WHAT TO PRODUCE: Output what the records say, word for word, with no images.

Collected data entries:
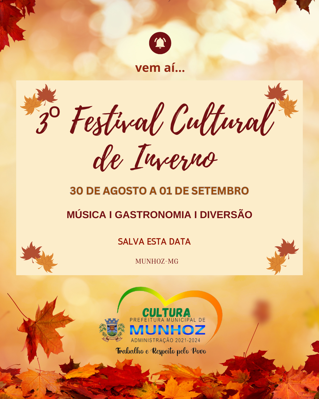 🍁Vem aí... 🍂 3º FESTIVAL INVERNO CULTURAL 🍂MUNHOZ-MG🍁 ✅ Salve esta Data: 🗓️ 30 de agosto a 01 de setembro de 2024❄️ 🔥 A terceira edição do evento promete agitar a cidade e aquecer este inverno, com muita música boa,...
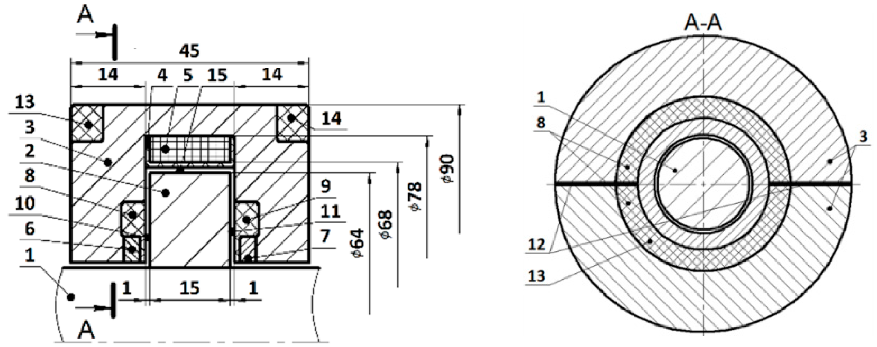 The magnetic conductors 3 are made of soft magnetic material 10880. The coil 4 is made of the diamagnetic, dielectric material polyamide-6. The permanent magnet holder 8 is made of stainless steel and was later replaced by holders made from diamagnetic, dielectric polyamide-6. Both the magnetic core 3 and the PM holders 8 and 9 are split into two radial segments, with the insulating pads 12 between them. These insulating pads reduce path contours to minimize the negative influence of eddy currents. The segmented magnetic core 3 is fixed by clamping rings 13 and 14, which are made of polyamide-6. The ferromagnetic disk 2 is secured by the hub 16 and the nut 17. The setup was designed, fabricated, and assembled (
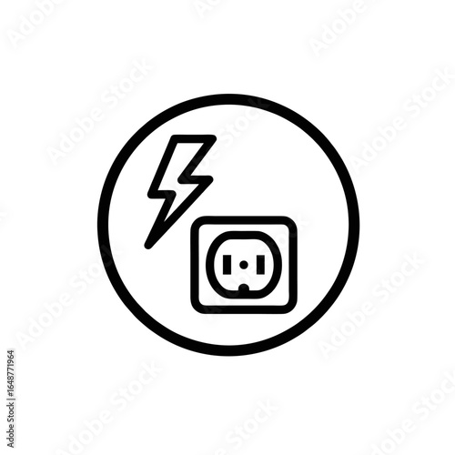 Circular Electrician Logo With a Power Outlet and Lightning Bolt, Strong Outlines
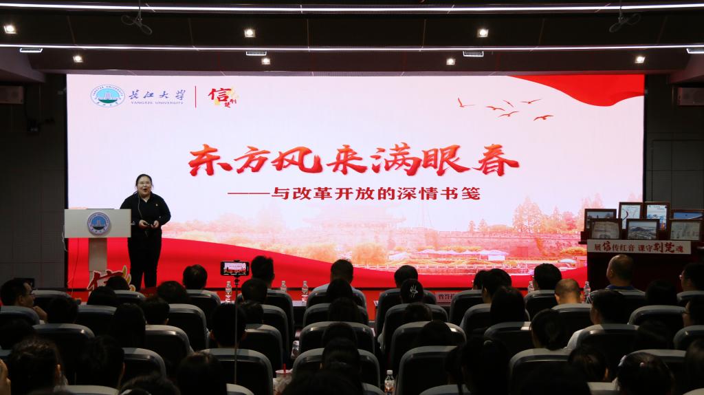 青年教师孙萌和国家级荆州经济技术开发区滩桥镇党委副书记唐王维联袂讲授,课程通过深情讲述、信物分享、情景演绎、红歌合唱等丰富形式解读荆州改革开放中的信物及书信。
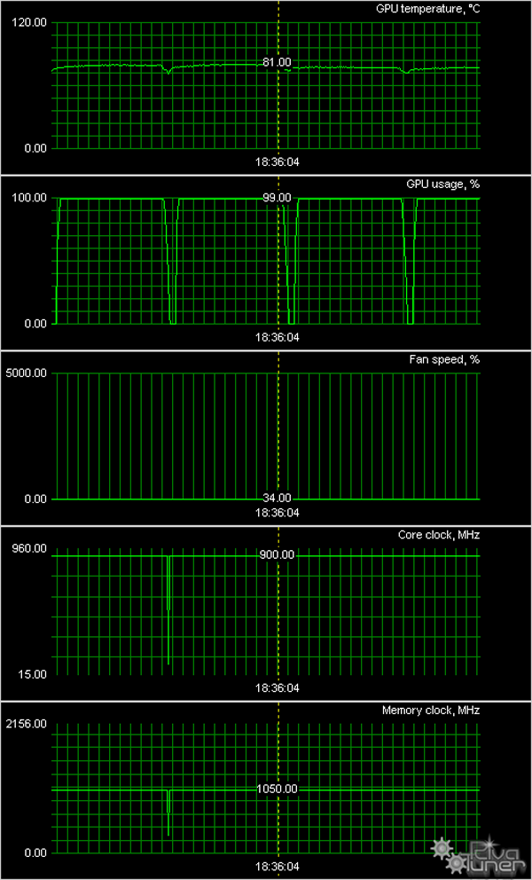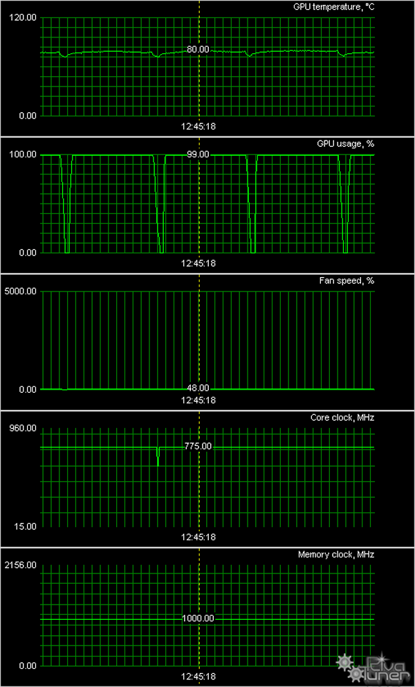 Мы провели исследование температурного режима с помощью утилиты EVGA Precision (автор А. Николайчук AKA Unwinder) и получили следующие результаты:

FINAL ANSWER:
 🍁Vem aí... 🍂 3º FESTIVAL INVERNO CULTURAL 🍂MUNHOZ-MG🍁 ✅ Salve esta Data: 🗓️ 30 de agosto a 01 de setembro de 2024❄️ 🔥 A terceira edição do evento promete agitar a cidade e aquecer este inverno, com muita música boa,...
 The magnetic conductors 3 are made of soft magnetic material 10880. The coil 4 is made of the diamagnetic, dielectric material polyamide-6. The permanent magnet holder 8 is made of stainless steel and was later replaced by holders made from diamagnetic, dielectric polyamide-6. Both the magnetic core 3 and the PM holders 8 and 9 are split into two radial segments, with the insulating pads 12 between them. These insulating pads reduce path contours to minimize the negative influence of eddy currents. The segmented magnetic core 3 is fixed by clamping rings 13 and 14, which are made of polyamide-6. The ferromagnetic disk 2 is secured by the hub 16 and the nut 17. The setup was designed, fabricated, and assembled (
 Circular Electrician Logo With a Power Outlet and Lightning Bolt, Strong Outlines
 青年教师孙萌和国家级荆州经济技术开发区滩桥镇党委副书记唐王维联袂讲授,课程通过深情讲述、信物分享、情景演绎、红歌合唱等丰富形式解读荆州改革开放中的信物及书信。
 Мы провели исследование температурного режима с помощью утилиты EVGA Precision (автор А. Николайчук AKA Unwinder) и получили следующие результаты:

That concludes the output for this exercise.